Dr. Philipp Roebers

Dr. Philipp Roebers

Corporate/M&A Associate, Dusseldorf

Overview

Professional experience

Education and qualifications

Published works

Overview

Philipp specialises in corporate law advice in the context of national and international mergers and acquisitions, corporate restructurings, joint ventures as well as in advising especially large listed companies on corporate law, in particular on stock corporation, group and capital market law, on corporate governance issues and general meeting support. Moreover, as a member of our ESG working group, he is particularly involved in climate protection and sustainability-related M&A/corporate matters and supports clients in the necessary transformation processes.

Work highlights

  • HHLA in connection with the sale of a strategic minority stake in HHLA Container Tollerort GmbH (CTT), a wholly owned subsidiary of HHLA, to Cosco Shipping Ports Limited.

Professional experience

Philipp has been working at Linklaters since 2017 and was appointed associate in 2022.

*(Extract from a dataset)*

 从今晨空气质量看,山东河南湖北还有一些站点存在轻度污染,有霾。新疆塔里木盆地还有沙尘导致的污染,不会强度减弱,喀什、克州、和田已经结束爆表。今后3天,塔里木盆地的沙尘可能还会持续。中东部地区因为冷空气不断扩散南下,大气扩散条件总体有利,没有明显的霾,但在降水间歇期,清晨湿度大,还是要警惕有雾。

He has worked at Linklaters since 2017, first as a research assistant while completing his doctorate and then as a trainee lawyer. During this time, he also worked in the Linklaters office in Singapore.

In addition, he gained practical experience as a research assistant at various international law firms in the areas of corporate law/M&A and litigation as well as at the European Parliament in Brussels, Belgium, from 2013 to 2017.

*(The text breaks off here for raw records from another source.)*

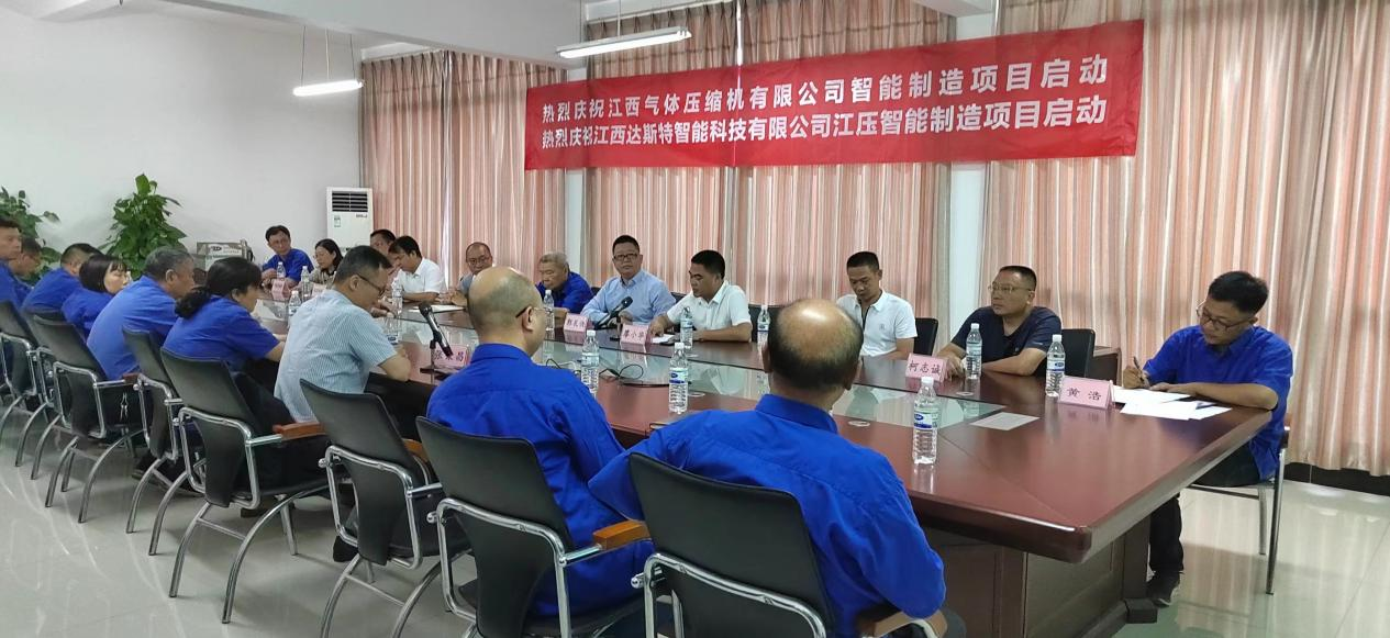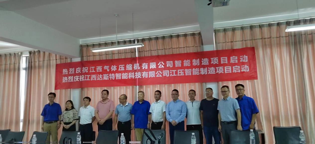 2022年7月19日,江壓智能制造項目啟動大會隆重舉行,江西達斯特智能科技有限公司(以下簡稱“達斯特”)偕同國內知名的eMES提供商廣州速威智能系統科技有限公司(以下簡稱“速威”),為江西氣體壓縮機有限公司(以下簡稱“江壓”) 打造符合中國制造2025要求的自動化生產設備。
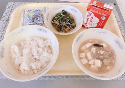 今日の給食は「麦ごはん,牛乳,豚肉ととうふのくず煮,ほうれん草ともやしのごま煮,じゃこ」でした。
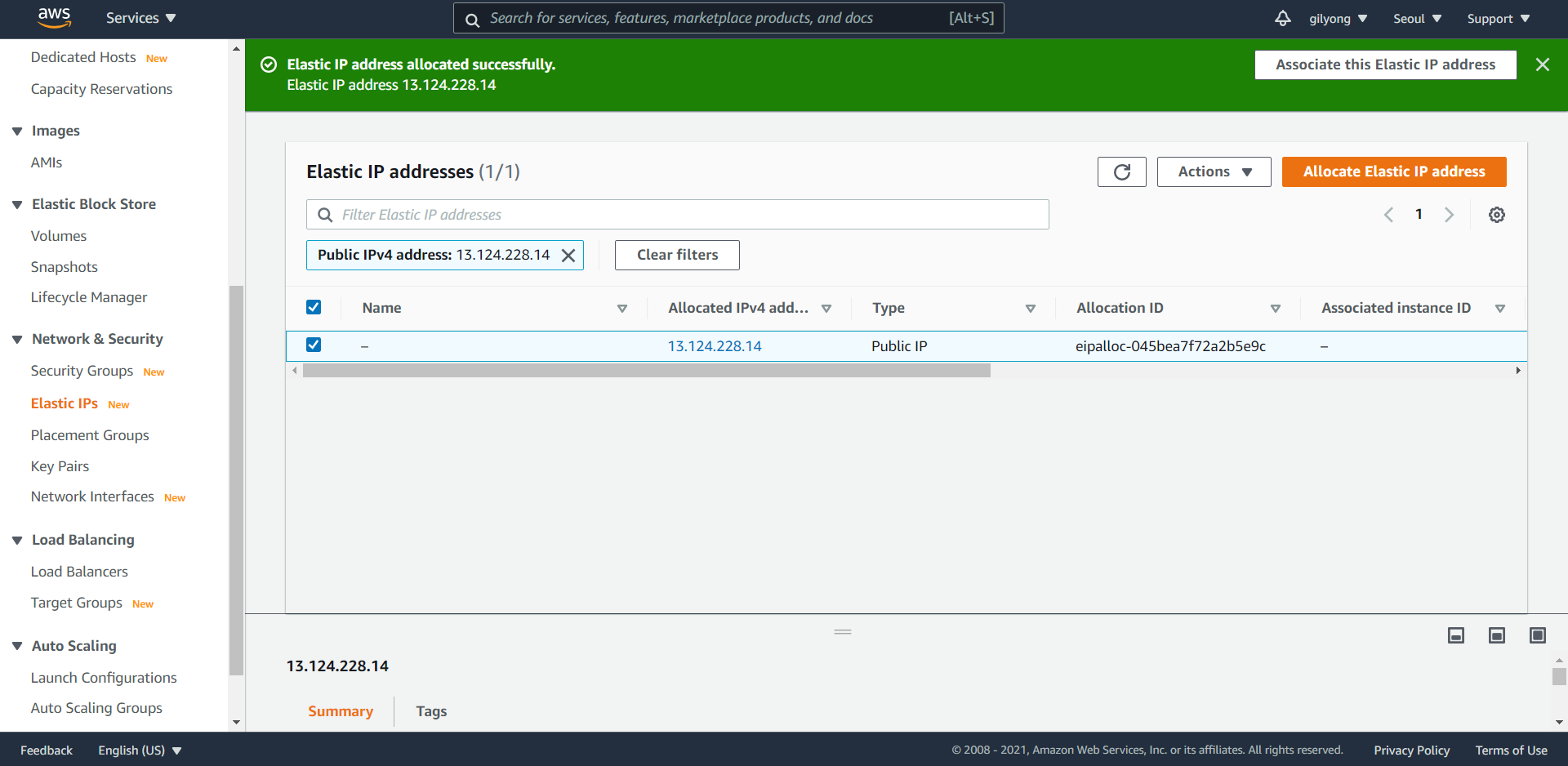 2. Elastic IP를 할당받는건 이렇게나 간단하다. 고정된 IP주소를 확인할 수 있다.

Education and qualifications

Philipp studied at the University of Cologne and finished his First and Second Legal State Examination with honours. He also holds a Juris Doctor from the Ruhr-University of Bochum. During his legal clerkship, he worked for Linklaters in Singapore.

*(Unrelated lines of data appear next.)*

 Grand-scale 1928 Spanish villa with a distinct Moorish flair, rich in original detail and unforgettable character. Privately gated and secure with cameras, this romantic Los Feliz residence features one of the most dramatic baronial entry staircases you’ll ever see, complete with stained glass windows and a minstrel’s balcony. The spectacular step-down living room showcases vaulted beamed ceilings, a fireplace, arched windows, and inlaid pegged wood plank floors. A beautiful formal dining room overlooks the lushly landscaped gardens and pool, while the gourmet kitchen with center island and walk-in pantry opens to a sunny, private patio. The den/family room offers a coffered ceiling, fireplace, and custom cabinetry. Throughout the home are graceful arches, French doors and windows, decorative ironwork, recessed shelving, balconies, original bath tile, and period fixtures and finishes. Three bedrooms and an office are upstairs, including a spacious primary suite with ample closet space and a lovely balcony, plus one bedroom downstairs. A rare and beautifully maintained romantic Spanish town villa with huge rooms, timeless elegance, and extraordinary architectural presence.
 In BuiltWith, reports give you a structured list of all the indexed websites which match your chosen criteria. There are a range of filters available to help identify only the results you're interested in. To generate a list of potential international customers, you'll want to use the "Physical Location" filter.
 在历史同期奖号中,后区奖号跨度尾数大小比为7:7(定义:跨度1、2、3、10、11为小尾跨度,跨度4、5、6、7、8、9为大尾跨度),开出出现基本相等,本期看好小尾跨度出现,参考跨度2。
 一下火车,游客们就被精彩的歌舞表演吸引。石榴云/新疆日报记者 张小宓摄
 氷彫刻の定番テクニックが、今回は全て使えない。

He speaks German and English. 

Published works

Philipp's most recent publications include the following:

  • "Der Leiter der Hauptversammlung in der Aktiengesellschaft – unter besonderer Berücksichtigung von Rechtsstellung, Abberufung und Haftung", dissertation 2023.
  • Zur Wirksamkeit der Wahl eines Aufsichtsratsmitglieds trotz Abweichung des Wahlvorschlags vom DCGK“ – in: EWiR 2019, 137 (jointly with Dr. Arne Kießling – publication on the Effectiveness of the Election of a Supervisory Board Member Notwithstanding a Deviation of the Nomination Proposal from the German Corporate Governance Code).